I've been here in Jávea nearly 12 years - each year seems to have got progressively hotter & drier. We're officially in a drought atm, although we have had a little rain over the past week - a _very _little

it's also humid in summer & damp in winter

night time winter temps can frequently be 0º or below, with mid teens to mid 20s in the daytime in the sun

night time summer temps are generally mid 20s & daytime low to mid 30s with a realfeel (because of that humidity) of nearer 40º. We've had a few days of _actual _temperatures nearing 40º this summer though


----------



## Lynn R (Feb 21, 2014)

Here (about 30km East of Malaga and 5km inland) it was also, like many parts of Spain, the hottest July on record. Having said that, the temperature only reached 40C on a handful of days, whereas inland places (such as Sevilla, Cordoba, Ronda, Antequera and Granada routinely experience temperatures of 40C and over for weeks on end in summer). 

About the first 10 days of August were also unpleasantly humid but prior to that, and again now, it is more of a dry heat. 

Temperatures are now back to around normal for this time of year (33C today), with a nice breeze.

In almost 9 years here (and 3.5 years before that as holiday home owners) we have never experienced freezing or below zero temperatures here, never seen ice or snow except on top of the mountains we can see from our roof terrace). Normally the lowest overnight temperatures we get are around 5C. As far as daytime temperatures go, there are normally a few days each winter when the temperature is below 18C but we often get afternoon temperatures in the low 20s. A couple of years ago I went to Granada in mid February and the water in the public fountains was frozen over, and I've seen reports occasionally of roads being blocked by snow only 20km or so inland from where I live.

It doesn't rain here anywhere near as often as it did where I lived in the UK (but that was near Manchester so say no more, we are notorious for it) but when it rains it comes down in stair rods, my street looks like a succession of waterfalls. Most years we read reports of devastating flash floods having happened somewhere or other that do huge amounts of damage. I have seen some minor flooding in our town centre sometimes but we live on a hill so it just runs down past us. People we know who live out in the countryside in properties reached by tracks have experienced severe problems when part of the track has been washed away by floods or landslides and they haven't been able to get in or out (and they have to then bear the cost of repairing the track too).

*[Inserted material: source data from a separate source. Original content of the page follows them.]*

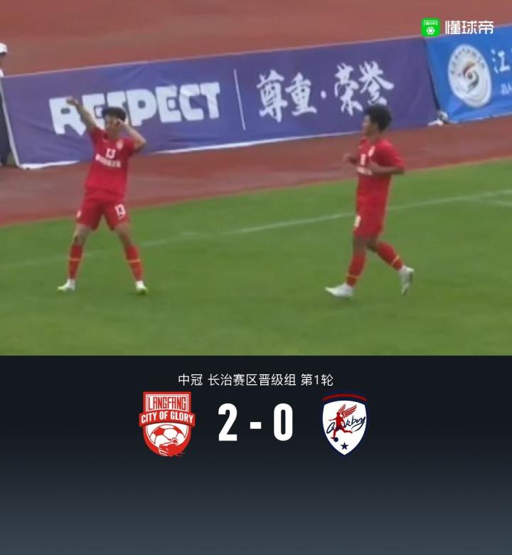第13分钟,误打误撞,皮球打在隋旭泽身上滚入球门,廊坊1-0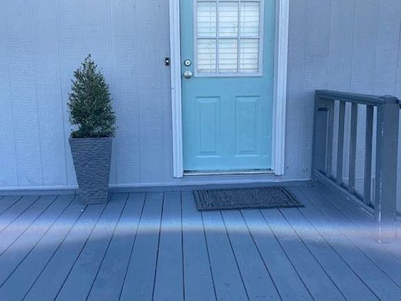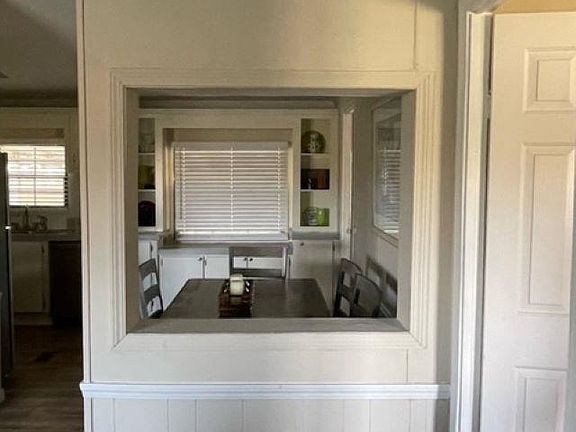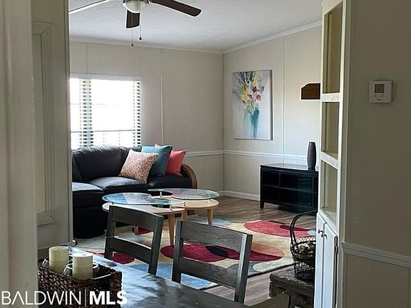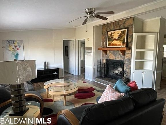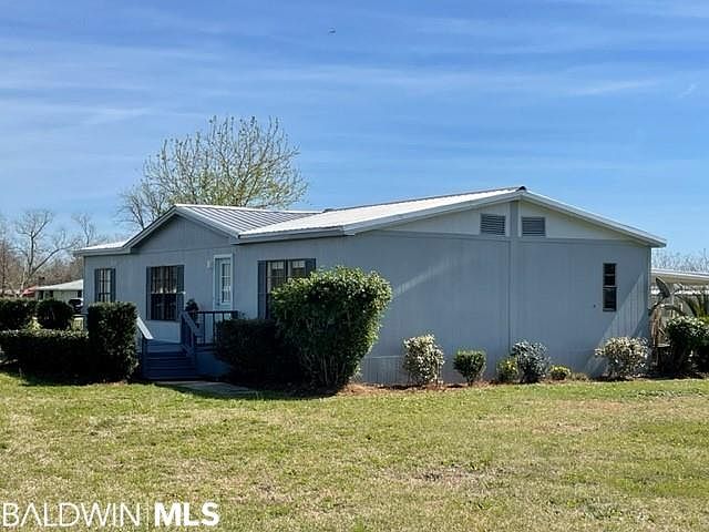 Cute home with nice curb appeal! Inside is neat and tidy with evidence of Pride of Ownership. Spacious Living Room has nice rock fireplace with chunky mantel. Dining Area is convenient to the Kitchen with white cabinets and additional storage cabinets. Laminate wood flooring throughout most of the home and windows that let the sun shine in. Primary Bedroom has double windows and en suite bathroom with soaking tub and separate shower. 2nd & 3rd bedrooms have carpet and ceiling fans. Hall Bathroom has tub/shower combo. Mudroom and lots of storage nooks. Screened in patio and covered carport. Home is located across from J. Larry Newton School. [Mobile Home on metal frame with wood siding per seller]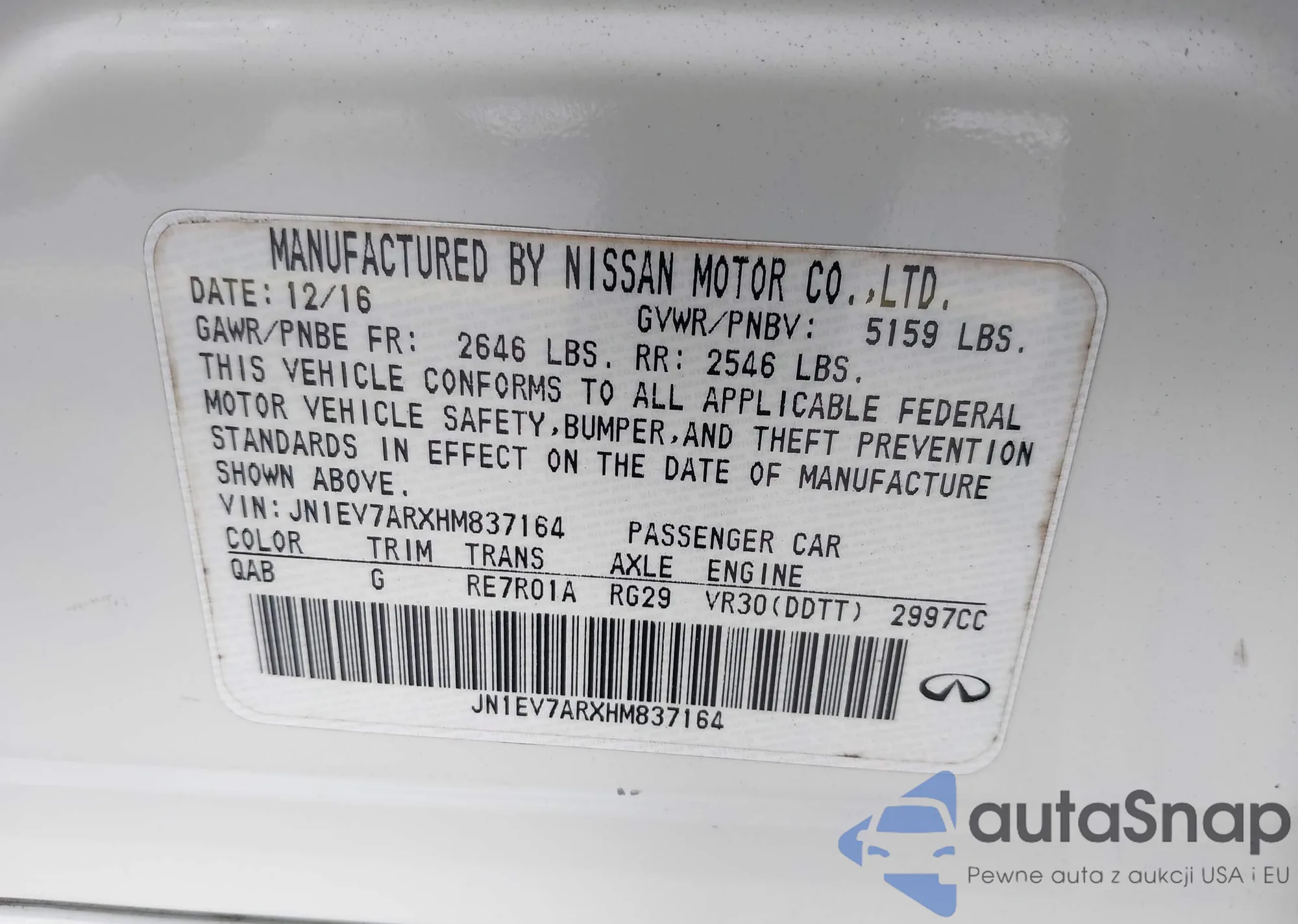• VIN JN1EV7ARXHM837164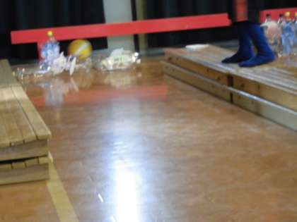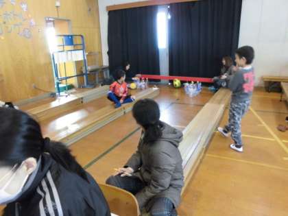 1122親子のつどいその4 公開日 2014/11/22 更新日 2014/11/22 学校の様子 『ペットボトルボーリング』 何本倒れるかを競い,上位者は黒板に名前が書かれていました。たくさんペットボトルを倒そうとがんばっていました。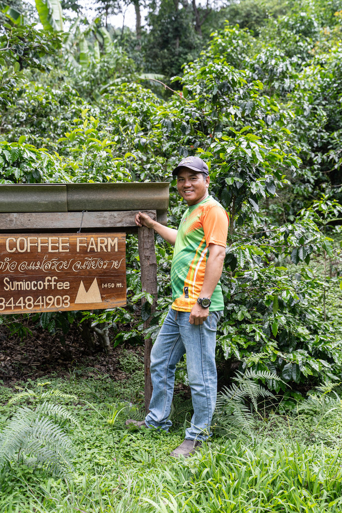 Sinthop is one of the leading voices for the Ahka coffee-producing community in Mae Chan Tai, growing coffee production in his region with goals of creating sustainable revenue for the people. For Sinthop, growing coffee is about elevating its quality and in return, increasing revenue and quality of life for his people. Mae Chan Tai valley is gaining more recognition for their arabica coffee, as well as their teas, stone fruit, and honey.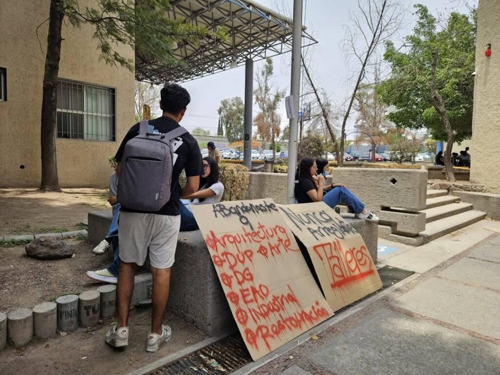 Además, otra de las pancartas señalaba: “Feliz jubilación”, donde se da por entendido que al concluir el ciclo escolar podría jubilarse dejando la Dirección a otra persona que atienda las diversas problemáticas que enfrenta la Facultad del Hábitat.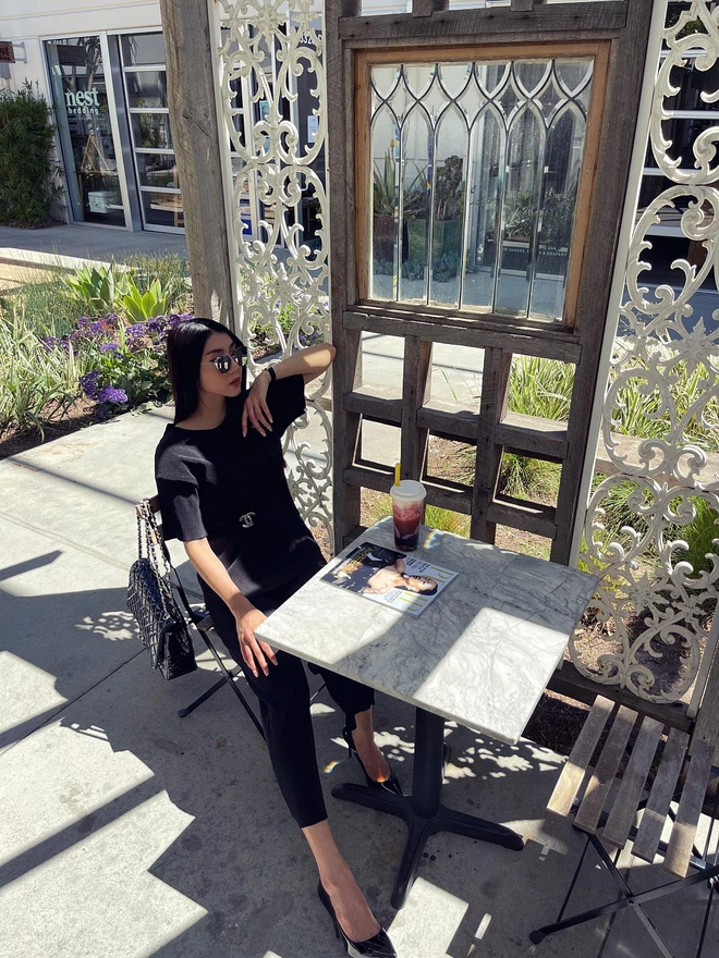 Khi ra ngoài, nữ siêu mẫu cũng sửa soạn nhanh trong 10 phút, giày cao gót thay bằng giày dép bệt.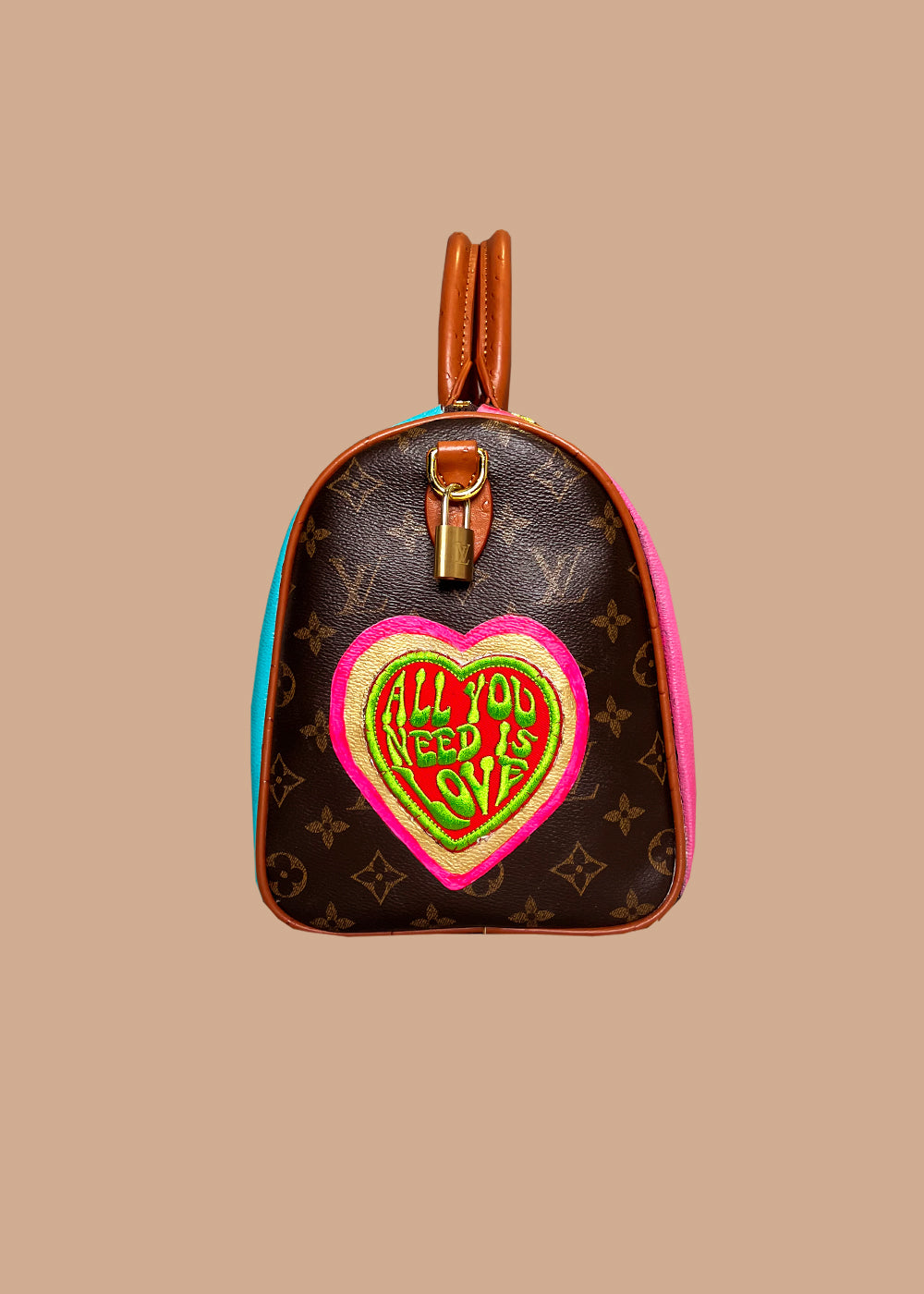 Statement bag with a wink 🩵 a wearable piece of art, each bag is unique and hand painted. The bag is made of denim and comes with all accessories shown in the photo and a long strap so it can also be worn as a shoulder bag. You should wear the bag open, Just like a B⭐️RKIN. Silver hardware and with an OGOSH dust bag.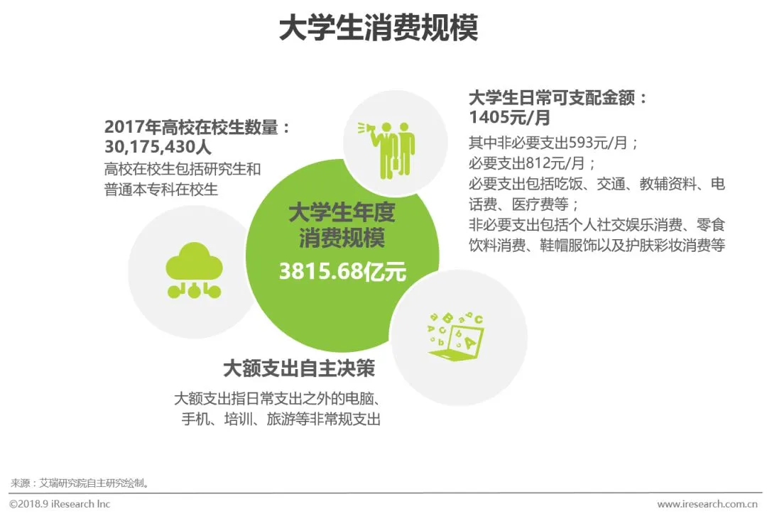 中国经济发展进入新常态,消费成为拉动经济增长的核心动力。大学生成长于网络高速发展的时代,其消费和娱乐存在明显的互联网印记,大学生年度消费规模达3800亿元,了解大学生消费特征,推及未来市场的变迁和发展,是本次报告的研究课题。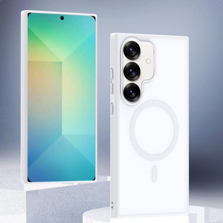 For Samsung Galaxy S25 5G Transparent TPU Hybrid PC Magsafe Phone Case(White)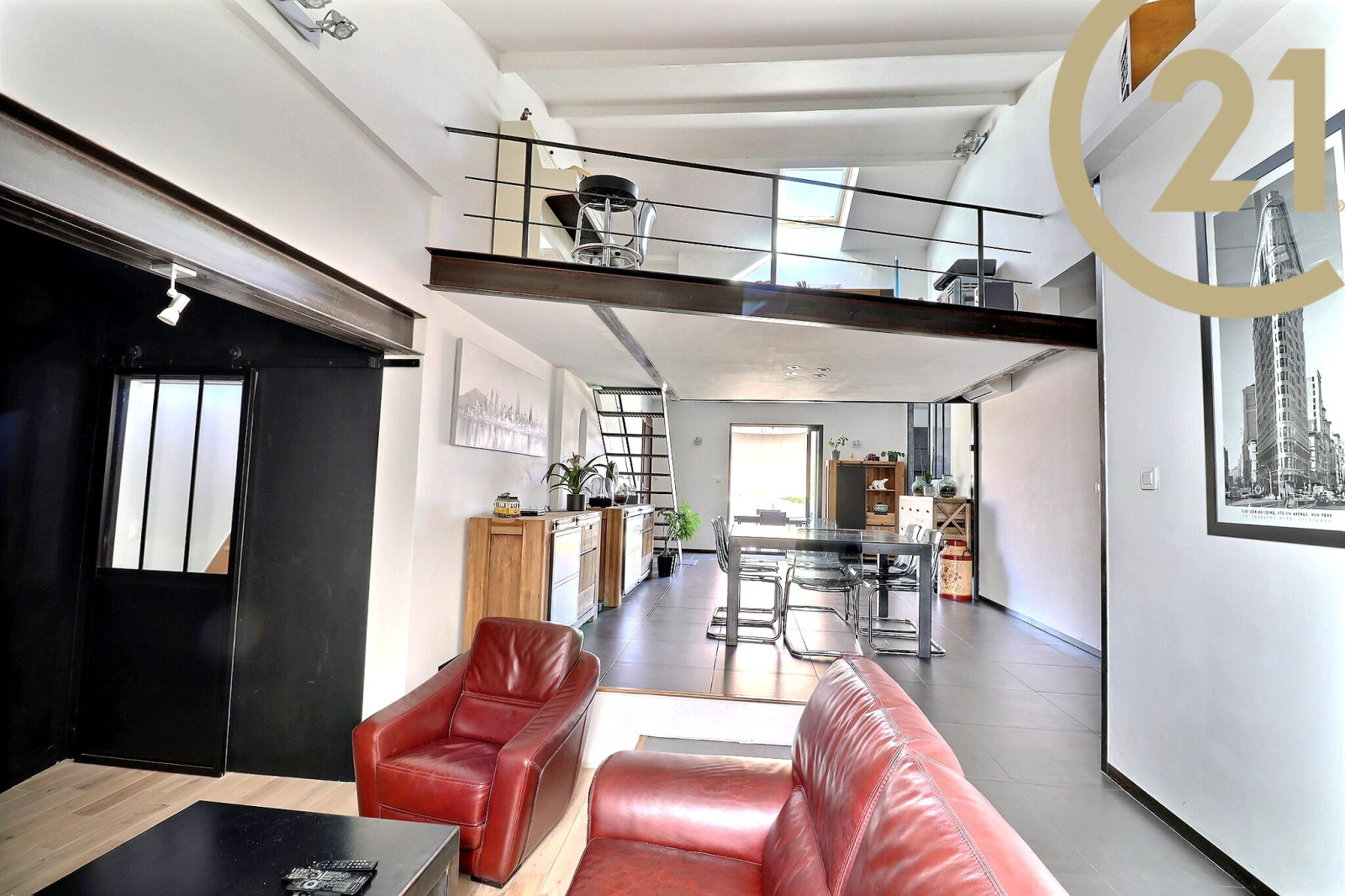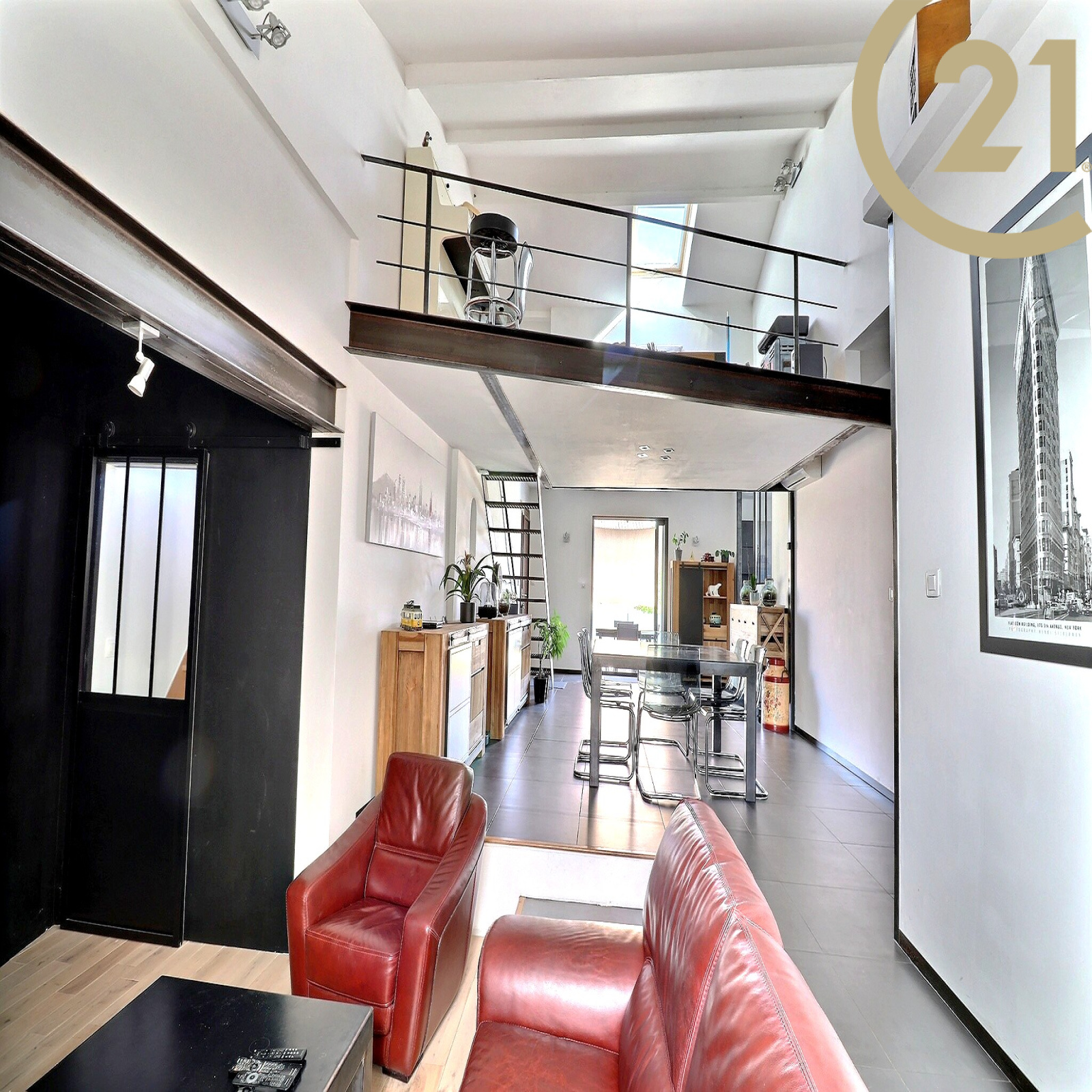 Elle se compose : d'un beau séjour 47m² avec mezzanine, d'une cuisine équipée, de deux chambres, d'une salle d'eau et d'un WC séparé.

Although the daytime winter temperatures look warm compared to the UK, you do find you acclimatise very quickly and we now start to feel chilly when it goes below 20C and 15 or less feels really cold. Also in winter the temperature drops really sharply once the sun goes down so again you feel cold, and we are always putting jumpers or fleeces on when we first get up in the morning when it's cold, taking them off around midday then putting them back on at 5pm. It took a long time to get my head around the fact that it is warmer to sit outside on winter afternoons than it is to stay indoors.


----------



## el romeral (May 8, 2012)

I live 15 minutes inland from the Costa del Sol and at 87 meters elevation. Winters have been milder in recent years. Been here 16 years and in some of the first winters our fountain froze solid and all the papayas died. This has not happened recently. It can get down towards 0C however, and we frequently get ground frosts and can have to scrape car windscreens if left out. The coldest days in winter see daytime maximums of about 13C. Any day of the year could reach 20C given the right conditions.
Rainfall seems to fluctuate wildly from huge amounts (on relatively few days) to very little. The last winter was very dry. If it happens again this year then reserves may start to dwindle.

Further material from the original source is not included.